▶ [What to work on] Please restate the records below verbatim, omitting every image they hold.

▶ [The data]
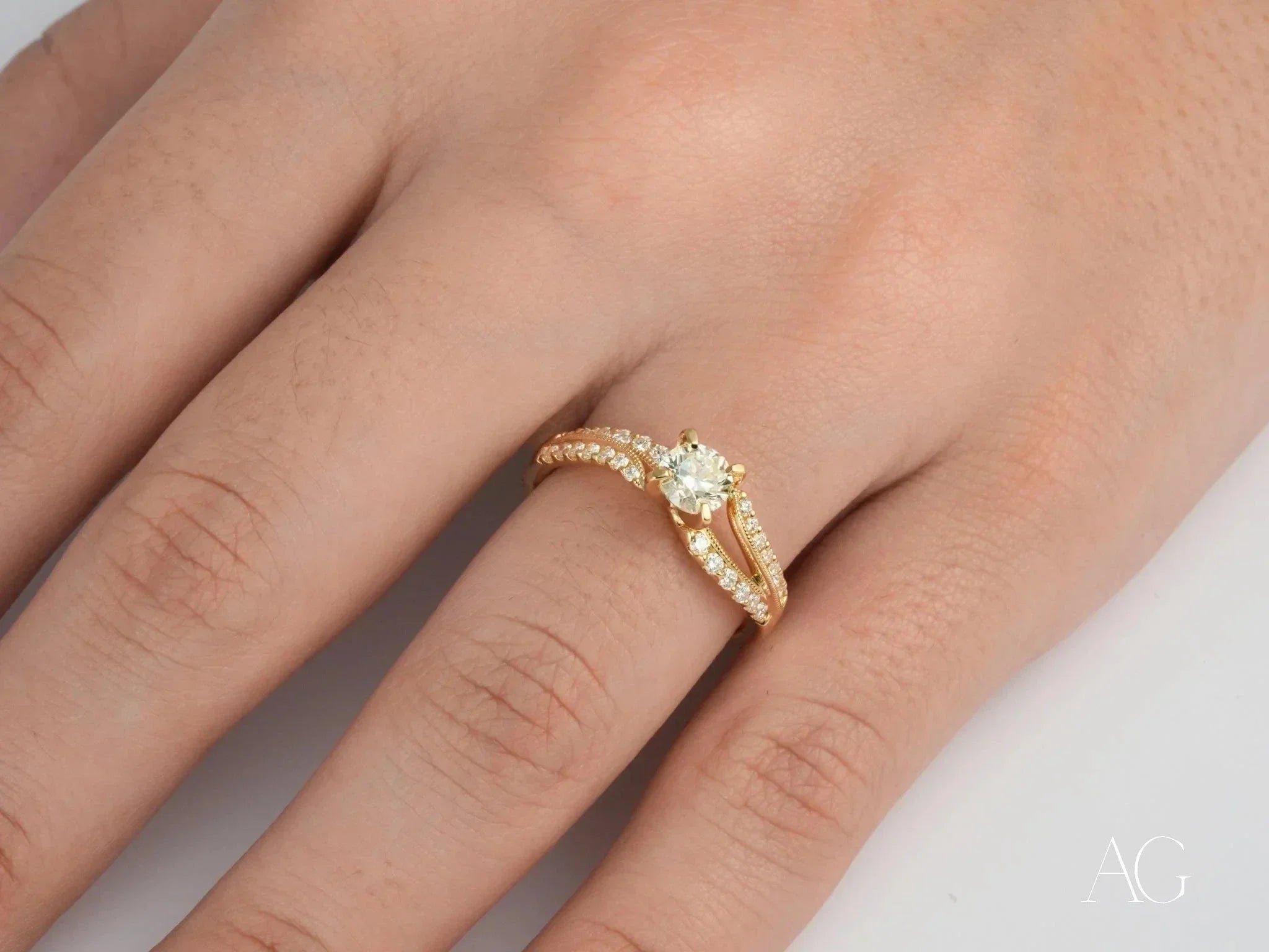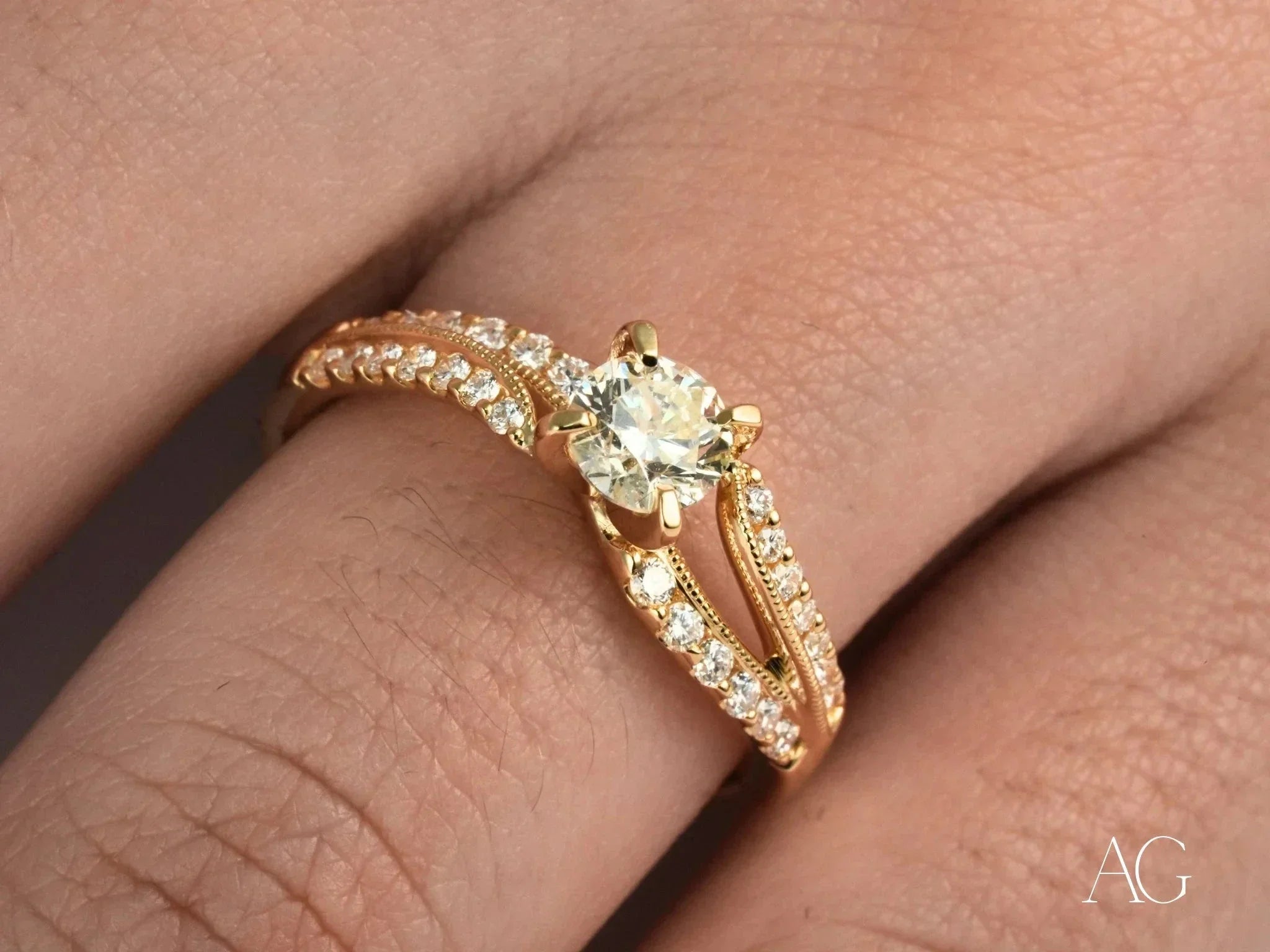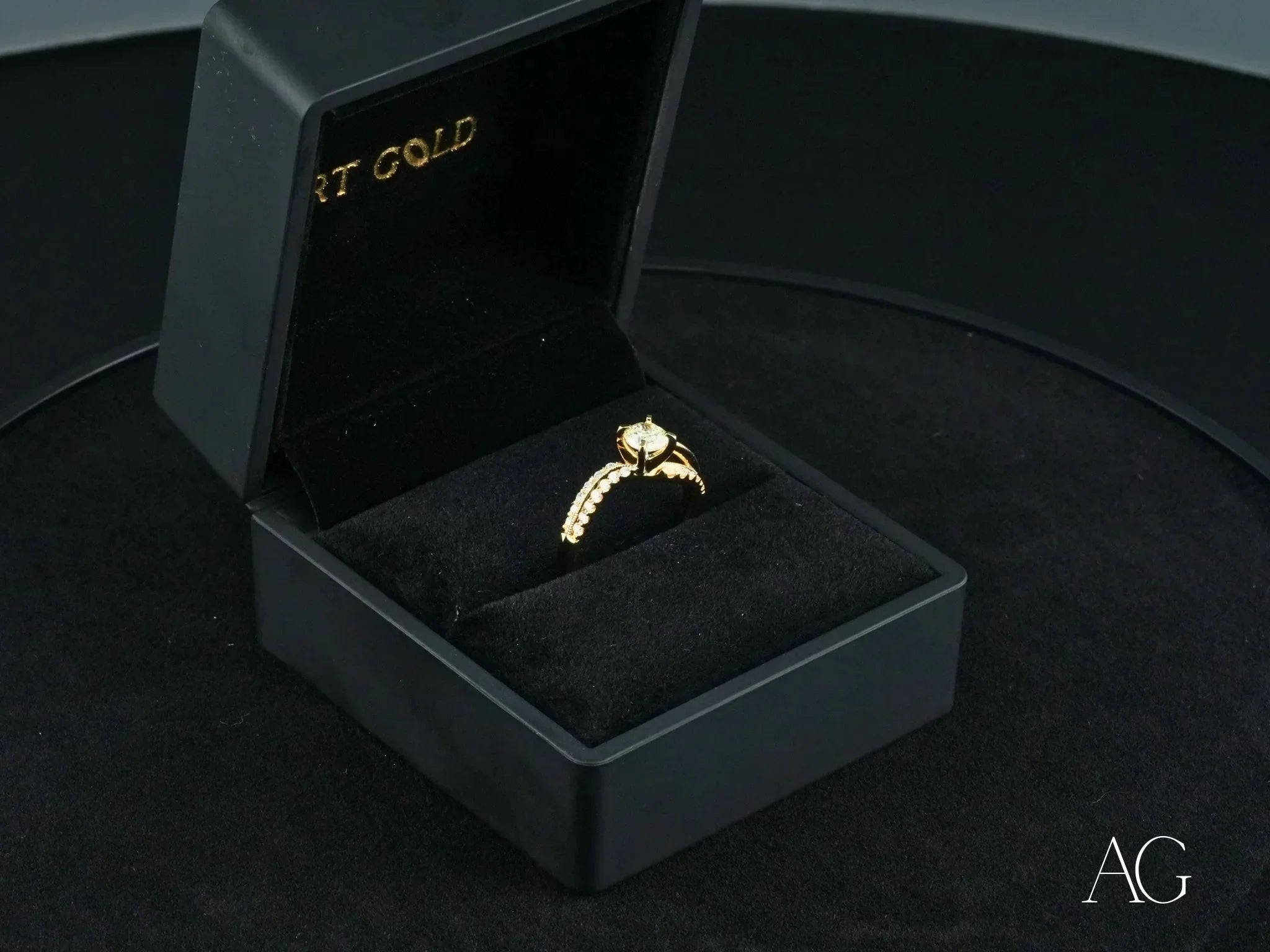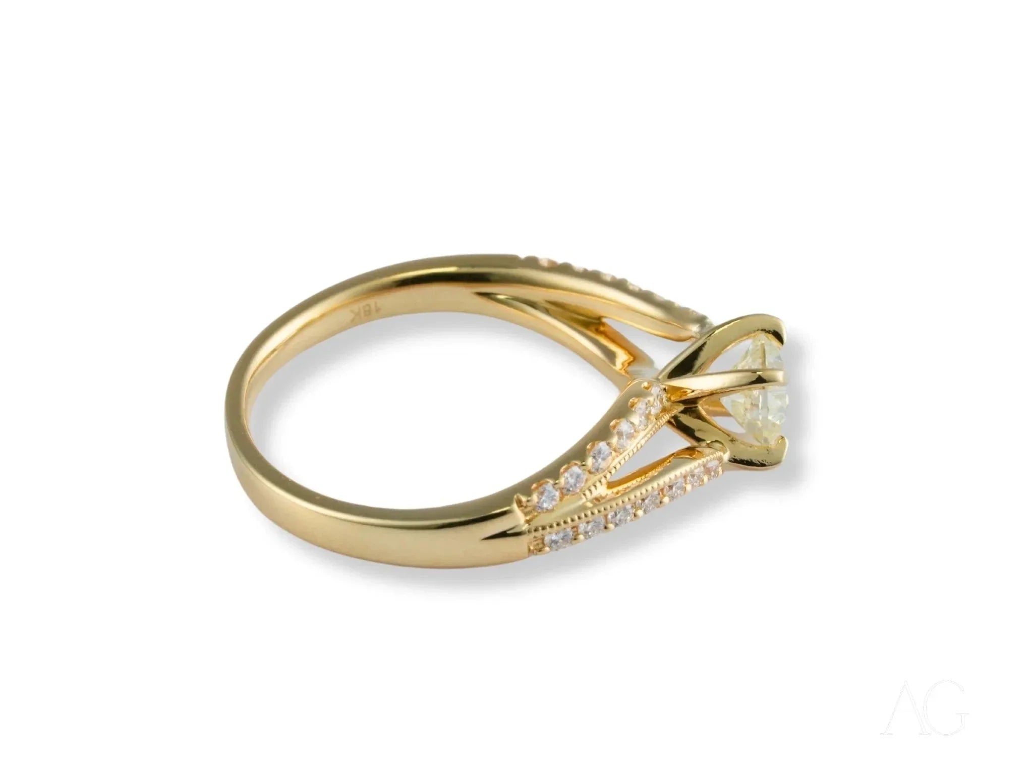 The Radiant Vow: 18k Yellow Gold Engagement Ring with 0.55 Ct Center Diamond and Split Shank is more than just a ring; it's the embodiment of your unique love story. With its timeless design, radiant 18k yellow gold setting, and captivating diamond accents, this ring from Art Gold Jewelry is a testament to your enduring commitment. Begin your forever with a symbol as bright and beautiful as your love.
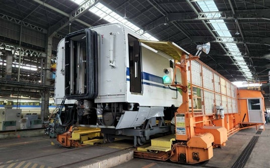 トラバーサとは、新幹線の検査を工場内で行うために新幹線を1両ずつ切り離して移動させる装置です。切り離された新幹線車両の移動を間近でご覧いただけます。
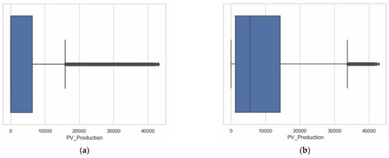 Boxplot of the PV production (a) with null production and (b) removing those 0 Wh samples.
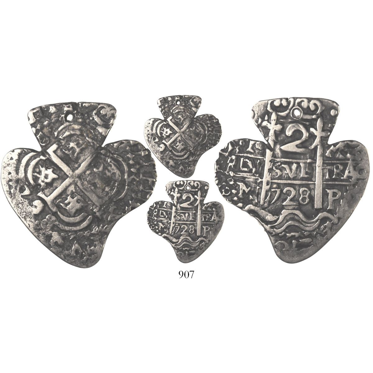 Potosi, Bolivia, cob 2 reales Heart, 1728M, very rare.
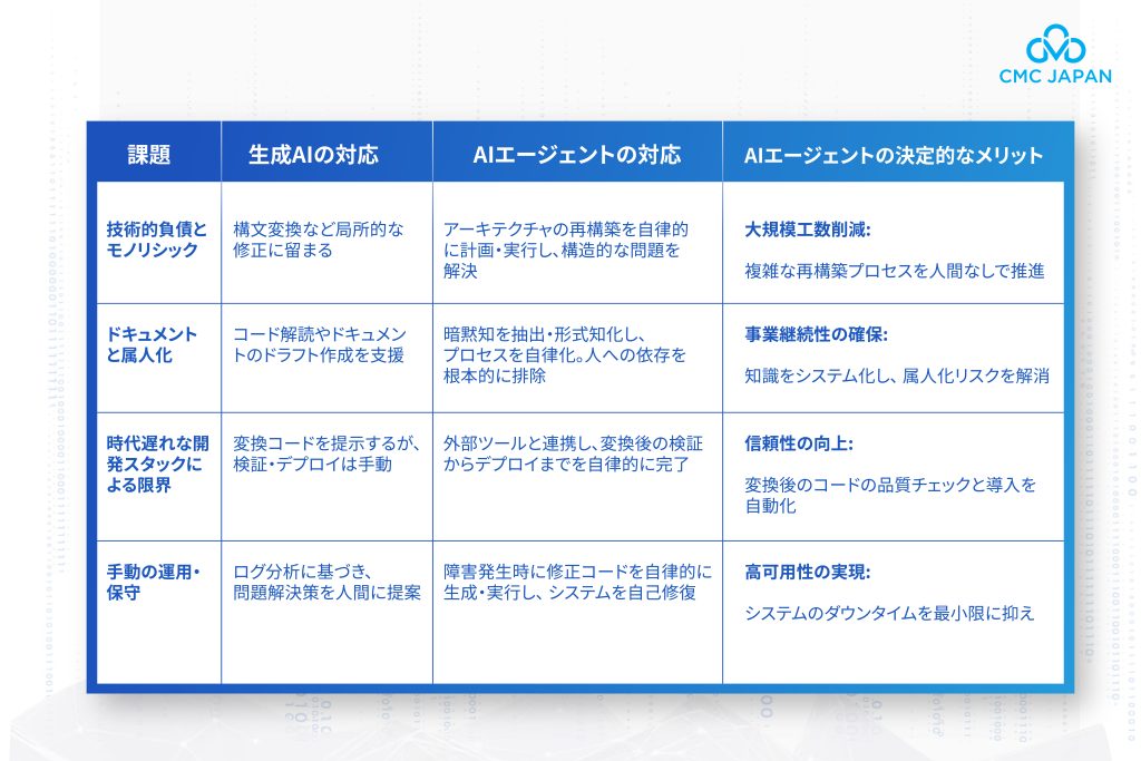 生成AIは「作業の効率化」という水平的な貢献に留まるのに対し、AIエージェントは「自律的な実行」という垂直的な深さを持ちます。この自律的な能力こそが、レガシーシステム刷新における大規模な工数削減、品質向上、そして事業継続性の確保という決定的なメリットをもたらします
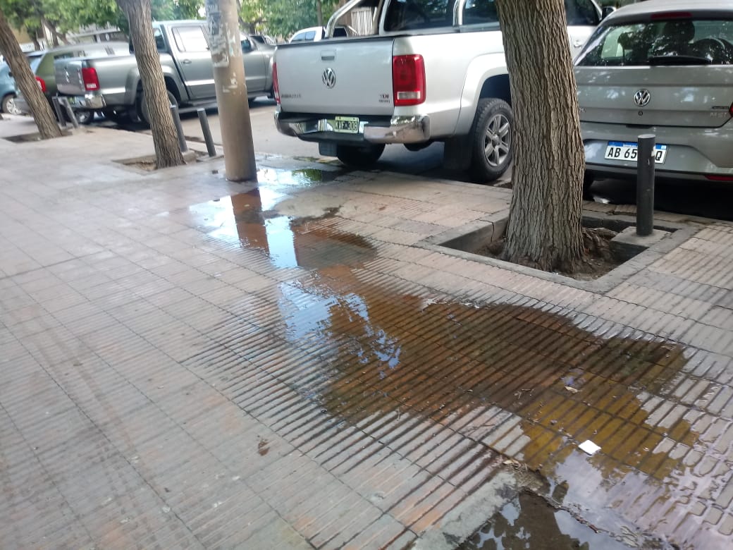 Según relató, para regar los canteros dejan canillas abiertas, el agua comienza a derramarse y se va hacia la vereda, inundándola por completo. A la vez, el agua corre hacia la calle y recorre una cuadra hasta caer en la alcantarilla de la esquina.

▶ [Your solution]
 The Radiant Vow: 18k Yellow Gold Engagement Ring with 0.55 Ct Center Diamond and Split Shank is more than just a ring; it's the embodiment of your unique love story. With its timeless design, radiant 18k yellow gold setting, and captivating diamond accents, this ring from Art Gold Jewelry is a testament to your enduring commitment. Begin your forever with a symbol as bright and beautiful as your love.
 トラバーサとは、新幹線の検査を工場内で行うために新幹線を1両ずつ切り離して移動させる装置です。切り離された新幹線車両の移動を間近でご覧いただけます。
 Boxplot of the PV production (a) with null production and (b) removing those 0 Wh samples.
 Potosi, Bolivia, cob 2 reales Heart, 1728M, very rare.
 生成AIは「作業の効率化」という水平的な貢献に留まるのに対し、AIエージェントは「自律的な実行」という垂直的な深さを持ちます。この自律的な能力こそが、レガシーシステム刷新における大規模な工数削減、品質向上、そして事業継続性の確保という決定的なメリットをもたらします
 Según relató, para regar los canteros dejan canillas abiertas, el agua comienza a derramarse y se va hacia la vereda, inundándola por completo. A la vez, el agua corre hacia la calle y recorre una cuadra hasta caer en la alcantarilla de la esquina.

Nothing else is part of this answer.